Por María Rodríguez, de Los Cronistas

“Estaban en pleno combate, mi hijo y dos compañeros más habían recibido la orden de retirarse de la zona. Iba un helicóptero para rescatarles,   fueron corriendo, lograron subir con dificultad.

“Cuando el piloto hizo una maniobra para que no les alcanzaran las balas, mi hijo no pudo sostenerse, se cayó, se rompió la cabeza, quedó inconsciente. No sé la fecha ni el lugar exacto, pero cuando a mi hijo le pasó eso, ¡yo sentí!, ¡yo sentí!

“Estaba en el trabajo,  me ahogaba, estaba desesperada. Le llamé a su papá, pero él me dijo que todo estaba bien.  Yo sentía morirme. No me hallaba, pasaba solo llorando, no podía concentrarme…”.

El hecho se dio en junio de  2012 en Afganistán. Mientras escucho el relato de Maritza, no alcanzo a dimensionar la magnitud del suceso. Era la primera vez que  miraba de cerca el conflicto en el Medio Oriente.

Para mí esa guerra, cuando se hablaba de bombardeos, evacuaciones y masacres, constituía un segmento de las noticias internacionales en el marco de un enorme conflicto de raíces milenarias con sus diferentes ramificaciones, que incluye hoy interés y control por sus recursos naturales,  combate al  terrorismo y una complejidad geopolítica difícil de entender.

Afganistán y su lucha frente a  Estados Unidos era en ese momento totalmente  cercano para mí, lo tenía frente a mis ojos,  a pesar de que ya en  2014 terminaron las operaciones de combate en la zona por parte de las fuerzas de la OTAN.

Las lágrimas de Maritza no opacan la belleza de sus ojos y de todo su rostro. Cuando habla de su vida, este es el suceso que  le quiebra la voz.

“Eso le pasó en junio, pero nunca me lo dijeron, su papá sí supo. En diciembre de ese año que estuvo de vacaciones me fui a visitarle, ahí recién me contó… Enseguida les habían evacuado. Él se despertó en un hospital de Estados Unidos, realmente no sé como fue todo. Mi hijo estuvo inconsciente muchas horas. Para él lo más fuerte luego de despertarse, fue saber que a su amigo lo mataron en combate”.

El hecho es confuso. Al hijo de Maritza nunca le gustó entrar en detalles, pero él aún siente culpa. Piensa que se salvó porque se cayó.

Uno se puede imaginar entonces que tal vez su amigo fue alcanzado por las balas debido a que el helicóptero quizás tuvo que volver a pisar tierra para rescatarlo y en esos momentos su compañero recibió los disparos. No hay palabras, no hay imágenes.

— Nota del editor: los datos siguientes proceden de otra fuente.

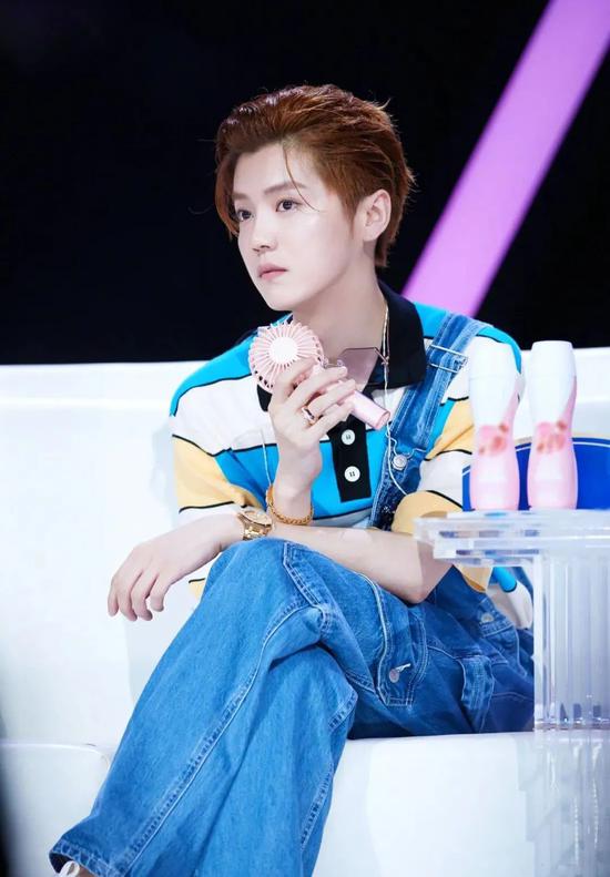 黄蓝条纹polo衫搭配牛仔蓝背带裤,鹿晗这身穿搭透出满满少年感。清爽的配色让沉闷版型的polo衫也显得俏皮活泼,极具少年气息。

“Mi hijo siempre me decía «no sé por qué estoy vivo, no sé por qué Dios me dejó vivir, yo debería estar muerto, yo no sé qué hago aquí, yo debí morirme con él».

“Entonces yo respondía que si él vive es por algo,  que el Señor tiene que haberle dado un propósito en esta vida. Para él entender eso en ese momento era muy difícil.  Creo que ahora  lo entiende un poco más, pero lo entiende porque ha estado en terapia”.

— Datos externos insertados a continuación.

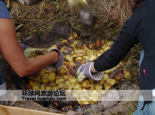老人说,根据印第安人的习俗,一般在欢庆传统节日、生孩子、洗礼、结婚、乔迁等喜事时,大家会一起做帕恰曼卡。做菜时,男人们负责挖坑、挑拣石头和炭火,女人们负责腌制肉类、准备各种调料,孩子们包玉米粽。食物烤好后,人们围坐在一起吃刚“出土”的美味,其乐融融。

Maritza estuvo casada con el padre de su hijo durante casi diez años. El niño nació en el Ecuador. Los primeros años debió estar con sus abuelos maternos mientras ella y su entonces esposo trabajaban en Estados Unidos. No tenían posibilidades de estar juntos en familia.

“Fue complejo tomar esa decisión. Yo venía a visitar a mi hijo cada seis meses o después de un año. Mis papás me apoyaban, estaban  muy encariñados con su nieto, inclusive mi  hijo les dice a los abuelos papá y mamá.

“Yo quería verlo crecer pero las circunstancias no me permitían, me esforzaba mucho trabajando porque quería que mi matrimonio funcionara.

“Pensaba que apoyando a mi esposo podría salvar el matrimonio. Si él terminaba sus estudios, luego tendríamos mejores condiciones para educar a nuestro hijo y ser una familia. Al final las cosas no resultaron así”.

Cuando su esposo terminó la carrera en Estados Unidos consiguió un trabajo en el Ecuador e inmediatamente quiso volver.

Maritza prefirió que él viniera primero y se estabilizara en el país para ella viajar luego. La propuesta no fue aceptada, inclusive recibió la amenaza de que si no volvían juntos, él no le dejaría ver a su hijo. Ella regresó también.

“Yo no quise volver porque ya no nos llevábamos bien. Tenía una relación inestable, había mucha agresividad. Siempre luché porque mi matrimonio saliera adelante, él fue mi primer hombre, mi enamorado desde los 13 años, traté de apoyarlo en todo.

“Cuando regresamos decidió que cada uno fuera a la casa de sus respectivos padres. Yo estaba con mi hijo, que tenía muchos problemas en la escuela porque no había vivido con nosotros.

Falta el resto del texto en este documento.